Library sales are pretty unexpected places to find M-rated yaoi. If they have a manga section at all, much less one that has anything other than dog-eared copies of Naruto and Dragonball Z, they’d probably never (knowingly) put BL in it, because the last thing any parent wants is their 9-year-old finding a volume of Level C while were just innocently ogling the covers of Love Hina and running up to them loudly asking what a creampie is or why a man would want to stick his pee-pee in your butt. But lo and behold, I unearthed this puppy at a library sale one time, the only yaoi book I have found at one to date. It even still had the bonus postcard intact which was pretty cool. Made me wonder how it ended up there and who it used to belong to. I’ll bet it was a member of Congress. I like to think my state representative is secretly a fudanshi, it’s about time someone stood up for the most important issues of our time, like needless censoring.

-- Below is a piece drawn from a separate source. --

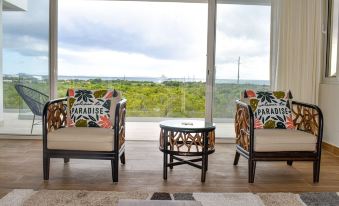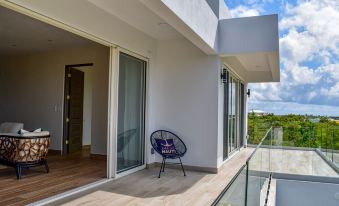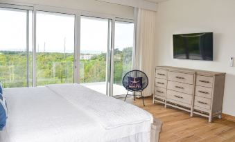 Cove Bay Villa II "The Penthouse" is the sister to Cove Bay Villa I. The Penthouse is a new construction that was recently completed in, December 2023. The Penthouse is on the top floor to Cove Bay Villa I. Each villa has a totally separate dwellings that share a common area to the front and backyard space. As you enter the Penthouse, you will love the open-concept with a spacious living room and kitchen, which leads you to a panoramic view of St. Maarten from the spacious balconies. During your warm evenings, you can step into the generous hot tub on your balcony and cool off or relax with your family/friends. Inside, you will find 3 beautiful well-appointed ensuite-bedrooms and half bath. Each bedroom also has a 50 " flat screen TV and a 65" flat screen TV, with unlimited channels and free movie options. The master bedroom has a very comfortable and luxury King bed, that opens to your balcony and offers fully unobstructed views to St. Maarten and the beautiful 18-hole International golf course of Aurora Resort. The second bedroom is also, of a generous size with a comfortable luxury King bed. The third bedroom which has 2 comfortable twin beds and has it's own balcony with another beautiful and unobstructed view of St. Maarten. This villa can accommodate up to 7 persons (with a rollaway bed or Aero Bed Queen mattress). The modern kitchen is fully equipped with everything a great chef would need. Should you wish to pass on cooking, a private in-villa dining can be arranged per your request. Anguilla, has some wonderful chefs who would love to tease your palate with a wonderful Caribbean dining experience.

L’Etoile Solitaire is the debut story of Yuno Ogami, and possibly her only published work unless she has a pseudonym – she’s somewhat of a ghost, and seems to have all but disappeared from the manga world. Her website/blog is still up but hasn’t been updated in years, and interestingly still has a post up from this book’s launch where she did a custom illustration of the main characters for her readers. This story was a ‘Japanese Original English Language’ manga, a term which makes zero sense to me but apparently just means it was commissioned. Since we now know it was the only real story she ever did, we have nothing to really compare it to nor could witness an evolution in her style, sadly. I wish she hadn’t dropped off the map after this because I think she was would have become a really great mangaka.